--- Required work ---
Omitting the pictures, output all of the records precisely as written.

BEGIN Material for this task

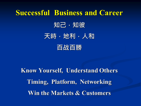 Win the markets and customers (百战百勝): With the above 5 key ingredients in place, you can pick the right battles to fight. Select the appropriate markets and customers to focus on. Then you can win the war of business and career ascent.
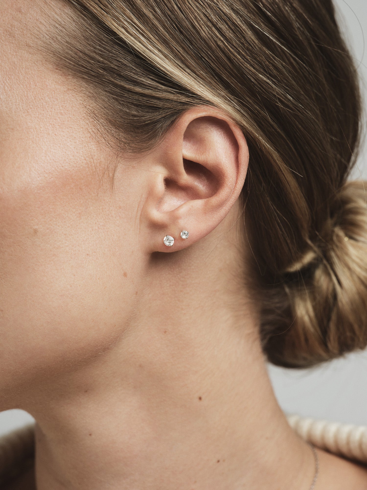 Tidløs elegance i et minimalistisk design. Jolie White Studs er diskrete, funklende øreringe med hvide zirkoniasten. Fremstillet i rustfrit stål for langvarig holdbarhed og glans.
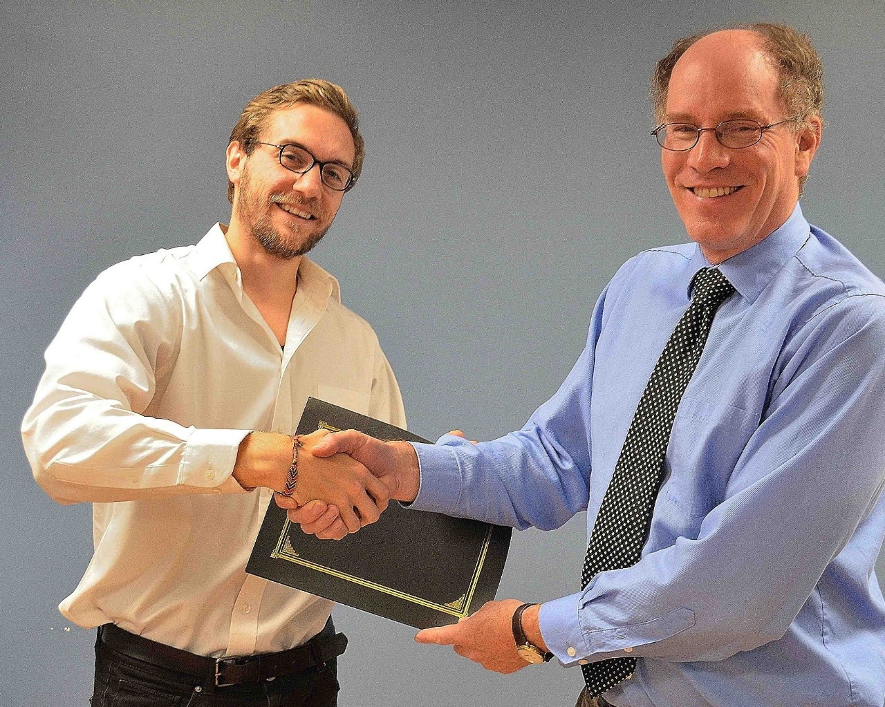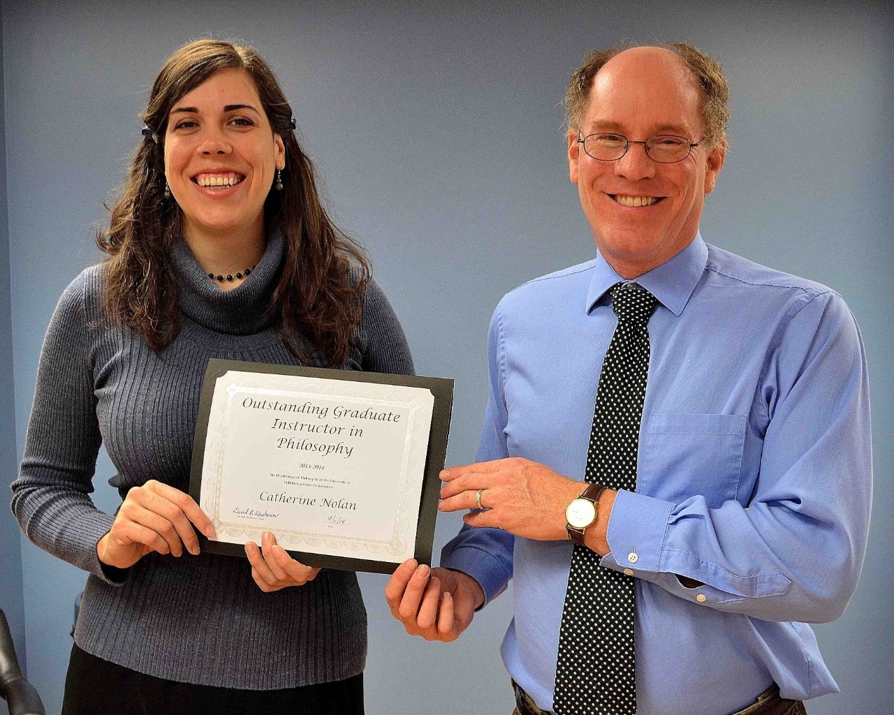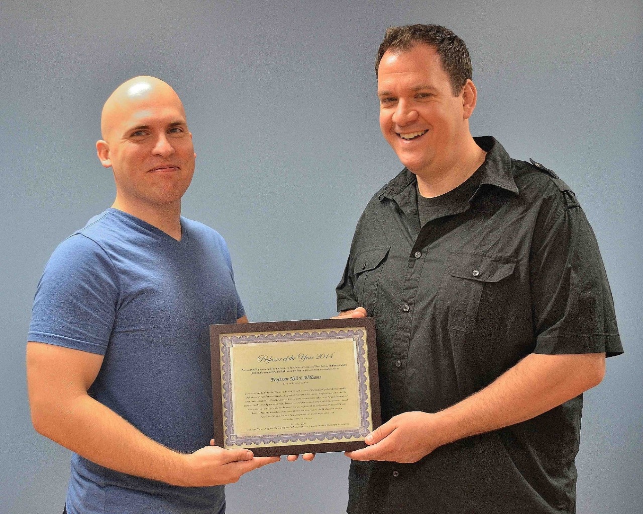 Associate Professor Neil E. Williams (right) receives the "Professor of the Year 2014", bestowed by the graduate students. The award was presented by Graduate Student John Beverley (left).
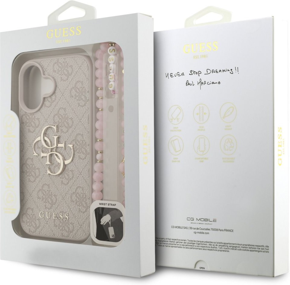 Prémiový zadný kryt Guess PU 4G Metal Logo Strap sa vyznačuje elegantným, charakteristickým 4G vzorom, doplneným o logo GUESS. Kryt je vyrobený z ľahkého a odolného polyuretánu (PU) s povrchovou úpravou z PU kože a ponúka tak nielen skvelú ochranu telefónu, ale aj pohodlie pri používaní. Táto povrchová úprava zaisťuje pevný úchop, čo minimalizuje riziko, že telefón vykĺzne z ruky. Vďaka presnému tvaru perfektne sedí na telefóne a umožňuje ľahký prístup ku všetkým tlačidlám a konektorom. Tento prvotriedny kryt doplnený výrazným 4G logom a je skvelou ponukou pre ľudí, ktorí si v móde cenia nielen exkluzívneho vzhľadu, ale aj vysokej kvality a funkčnosti. Kryt je doplnený elegantným koralovým pútkom, ktorý môžete nasadiť na zápästie, aby vám telefón nevykĺzol z ruky. To vám zaručí bezpečné manipulovanie s vaším zariadením. Je to nevyhnutný doplnok pre každého, kto hľadá kombináciu elegancie a prestíže.Technické parametre
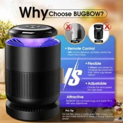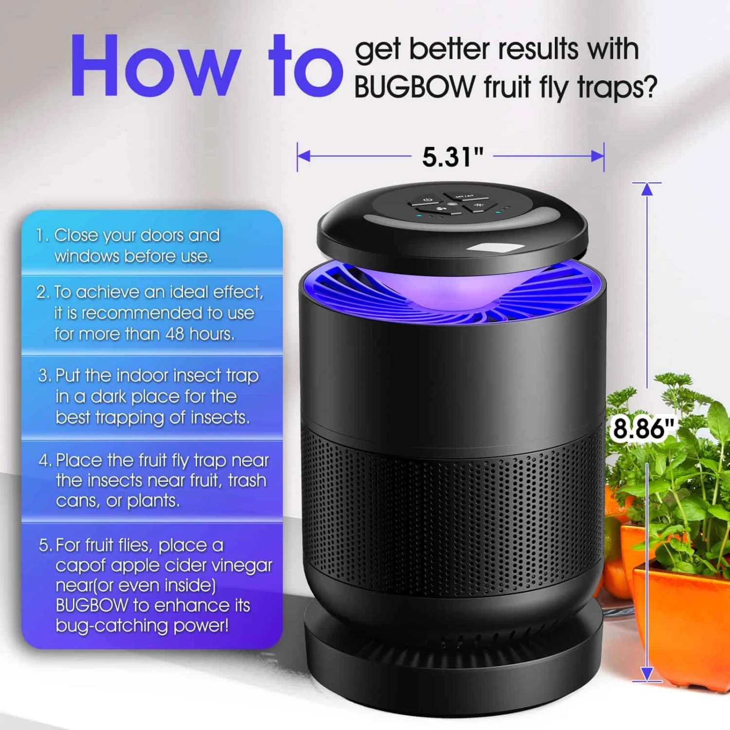 - Convenient Remote Control Fruit Fly Trap: The included remote control operates the fly trap indoor from a distance, and 98ft Control distance. Switch, light brightness, fan speeds, Auto mode / Manual mode, all features in one modern control panel. You can comfortably lie on your bed and control our BUGBOW indoor mosquito trap.

END Material for this task

--- Your solution ---
 Win the markets and customers (百战百勝): With the above 5 key ingredients in place, you can pick the right battles to fight. Select the appropriate markets and customers to focus on. Then you can win the war of business and career ascent.
 Tidløs elegance i et minimalistisk design. Jolie White Studs er diskrete, funklende øreringe med hvide zirkoniasten. Fremstillet i rustfrit stål for langvarig holdbarhed og glans.
 Associate Professor Neil E. Williams (right) receives the "Professor of the Year 2014", bestowed by the graduate students. The award was presented by Graduate Student John Beverley (left).
 Prémiový zadný kryt Guess PU 4G Metal Logo Strap sa vyznačuje elegantným, charakteristickým 4G vzorom, doplneným o logo GUESS. Kryt je vyrobený z ľahkého a odolného polyuretánu (PU) s povrchovou úpravou z PU kože a ponúka tak nielen skvelú ochranu telefónu, ale aj pohodlie pri používaní. Táto povrchová úprava zaisťuje pevný úchop, čo minimalizuje riziko, že telefón vykĺzne z ruky. Vďaka presnému tvaru perfektne sedí na telefóne a umožňuje ľahký prístup ku všetkým tlačidlám a konektorom. Tento prvotriedny kryt doplnený výrazným 4G logom a je skvelou ponukou pre ľudí, ktorí si v móde cenia nielen exkluzívneho vzhľadu, ale aj vysokej kvality a funkčnosti. Kryt je doplnený elegantným koralovým pútkom, ktorý môžete nasadiť na zápästie, aby vám telefón nevykĺzol z ruky. To vám zaručí bezpečné manipulovanie s vaším zariadením. Je to nevyhnutný doplnok pre každého, kto hľadá kombináciu elegancie a prestíže.Technické parametre
 - Convenient Remote Control Fruit Fly Trap: The included remote control operates the fly trap indoor from a distance, and 98ft Control distance. Switch, light brightness, fan speeds, Auto mode / Manual mode, all features in one modern control panel. You can comfortably lie on your bed and control our BUGBOW indoor mosquito trap.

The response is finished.